The key idea is to show that $AOG$, $DOG$, $DFG$ and $CDF$ are all congruent. Then since the area of a triangle is a half of the base times the height, $$\tfrac{1}{2} \overline{AF} \cdot \overline{DF} = 3 \cdot \tfrac{1}{2} \overline{CF} \cdot \overline{DF}$$

One argument which uses fairly basic lemmata and certainly makes no mention of similar triangles is as follows:

1. Angle $ACD = 60^\circ$ because it's an angle of an equilateral triangle.
2. Angle $CAD = 30^\circ$ because AD is a bisector.
3. $\overline{AO} = \overline{OD}$ by definition of $O$.

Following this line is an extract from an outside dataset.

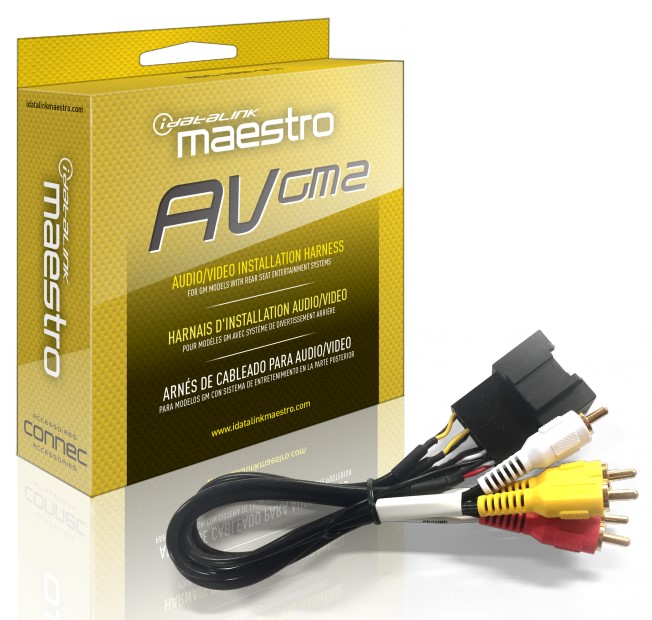 Optional harness to retain rear seat entertainment system in GM5 vehicles. Provides A/V connections to the factory video screen and A/V input port. Part Number: HRN-AV-GM2

4. Angles $AOG = DOG = 90^\circ$ by definition of $G$.
5. Angle $AGO = 60^\circ$ by sum of angles in a triangle.
6. $AOG$ is congruent to $DOG$ by side-angle-side.
7. Angle $ODG = 30^\circ$ and $OGD = 60^\circ$ in consequence.
8. Angle $DGF = 60^\circ$ by sum of angles on a line.
9. $AO$ and $OF$ are radii of the circle, so $AOF$ is isosceles and angle $OFA = OAF = 30^\circ$.
10. Angle $FOG = 30^\circ$ by sum of angles in a triangle.
11. Angle $DOF = 60^\circ$ by e.g. sum of angles on a line.
12. $OD$ and $OF$ are radii of the circle, so $DOF$ is isosceles and angle $ODF = OFD$. But since angles in a triangle sum to $180^\circ$ and $DOF = 60^\circ$ that means that $ODF = OFD = 60^\circ$.
13. The angles of $OGD$ and $DFG$ are all known and they share edge $DG$, so we have enough to show that they're congruent.
14. Angle $DFC = 90^\circ$ by sum of angles on a line.
15. Angle $FDC = 30^\circ$ by e.g. sum of angles in a triangle.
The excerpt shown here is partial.